What are the lungs?
The lungs are the organs involved in breathing.
All the cells in your body need oxygen to turn food into energy. The process of turning food into energy creates waste in the form of carbon dioxide, which must be released from your body.
You have 2 lungs in your chest, surrounded by your rib cage. Air comes into your lungs through your windpipe, also called the trachea. The windpipe divides into smaller airways called bronchi. Like branches of a tree, bronchi divide into even smaller airways called bronchioles. The bronchioles end in millions of very tiny air sacs called alveoli.
Your airways are lined with very tiny hairs. Your airways also make mucus that coats their lining. Together, the hairs and mucus filter and trap dust and germs so they don't get into your lungs. A little flap called the epiglottis keeps food out of your windpipe when you swallow.
How does breathing work?
The average adult breathes 15 times each minute while resting.
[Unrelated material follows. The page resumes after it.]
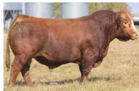
FULL SIB TO LOTS 1, 2, 3 MRK CAPITALIST 35H

Three full brothers this year in the sale, and all 3 cut from the same cloth; peas in a pod. 224K is a bull with an abundance of hip, clean fronted, and gets out and moves like a herd bull should. This bull will sire heavy weight steers and his daughters in the replacement heifer pen will be out of this world.

A moderately active person breathes 5,000 gallons (almost 20,000 liters) of air every 24 hours.
Your brain automatically sends messages for you to breathe, even when you're asleep or passed out.
Your brain sends signals to your rib and diaphragm muscles to make you breathe. To inhale, muscles between your ribs contract and your diaphragm contracts. Your diaphragm is a big, flat muscle that separates your chest and belly. Your lungs don't have muscles of their own.
What happens to air in the lungs?
Your lungs contain tiny air sacs called alveoli. Blood flows through the walls of the air sacs and picks up oxygen from the air in the sacs. At the same time, carbon dioxide leaves your blood and goes into the air sacs. The carbon dioxide then can leave your body when you exhale.
All the blood in your body passes through your lungs every minute or so. That means the lungs need lots of large blood vessels.
Gas Exchange Between Alveolar Spaces and Capillaries
What can go wrong with your lungs and breathing?
Problems that involve your brain, like a stroke, drug overdose, or extreme alcohol intoxication, can interfere with the part of your brain that controls breathing. These problems can make you breathe too slowly or even stop breathing.
Your airways and lungs can become infected, resulting in bronchitis, bronchiolitis, or pneumonia, depending on where the infection is. Pneumonia is infection in the alveoli.
The airways can become narrowed by asthma or blocked by a foreign body such as a piece of food.
Blood vessels inside your lungs can be blocked by blood clots, called a pulmonary embolism.